Marketeer und Marktforscher erwarten Antworten auf komplexe Ursache-Wirkungs- Zusammenhänge: Welche Verhaltensabfolgen am PoS führen zum Kauf/ Nicht-Kauf? Nach welchem Muster scannen Zielgruppen einen Internetauftritt? Und wie kann ich mir dieses Verhalten zu Eigen machen? Welche Abfolge von Kampagnenkontakten führt zu einer Steigerung der Konversionsrate? Wie verändert sich das Nutzungsverhalten von Internetusern im Lebenszyklus eines Suchprozesses?

Eine Sequenz setzt sich dabei immer aus einer Reihe von steuerbaren und nicht-steuerbaren Events zusammen, die in einem erwünschten oder unerwünschten Kunden– oder Userverhalten resultieren. Mit der richtigen Anwendung der Sequenzanalyse lassen sich sämtliche Eventkombinationen, denen ein Kunde oder User ausgesetzt ist, für eine echte 360° Betrachtung nutzen. Methodisch ist der Ansatz als Data-Mining Tool einzuordnen. Komplexe Verhaltens- und Kontaktketten lassen sich durch die Konzentration auf die wirklich wichtigen Muster operationalisieren und mit klassischen Analyseansätzen der quantitativen Marktforschung, deskriptiv wie explorativ, zu handlungsrelevanten Insights umwandeln.

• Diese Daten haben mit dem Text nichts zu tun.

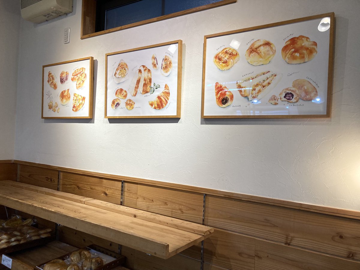 メニューのパンを描かせていただきました! 全部おいしいけど、個人的にはエビカツサンドとりんごちゃんとダブルあんパンが好きです🤩 滋賀県草津市の むらさんの手作りパン🌿 営業時間 月〜土曜 8:30〜13:00
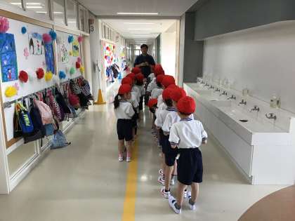 これから校庭で体育です。廊下での整列も日に日に上手になっています。

Dies impliziert aber auch, dass die Sequenzanalyse einer Reihe von Anforderungen genügen muss:
- Operationalisierung der Verhaltens- und Kontaktdaten
-> Bereitstellung der Muster als unabhängige Variable
- Ergebnisse müssen handlungsrelevant und umsetzbar sein
-> sofortiger Output typischer Verhaltens- und Kontaktmuster, sowie Modellierung
- Identifikation aller relevanten Verhaltensmuster
-> Iteratives Vorgehen des Algorithmus
- wissenschaftlich fundierter Ansatz
-> „State of the Art“ bei der Entschlüsselung der menschlichen DNA
- Kompatibilität mit diversen Inputdaten
-> flexible Anpassung der Analysesoftware an die Datenstruktur

Wie bei den meisten komplexen Ansätzen steigt und fällt der Nutzen des Ansatzes mit der richtigen Wahl des Analysedesigns und der Anpassung auf die verfügbaren Daten.

Die unterschiedlichen Einsatzgebiete, wie Kampagnenkontaktdaten, Klickpfade, Blickverläufe, Werbebotschaften oder Kundenlaufwege, haben im Grundsatz nur eines gemeinsam: Sie bestehen aus mehreren Events mit einer zeitlichen Abfolge. Inhaltlich und nach der Datenvielfalt ergeben sich entscheidende Unterschiede, die ein Consultant bei der Anwendung und Interpretation berücksichtigen muss. Theoretisches Wissen, Kreativität und Erfahrung in der Anwendung stellen hier ein wichtiges Asset und sollten unbedingt als Entscheidungskriterium bei der Wahl des Dienstleisters oder Kooperationspartners herangezogen werden.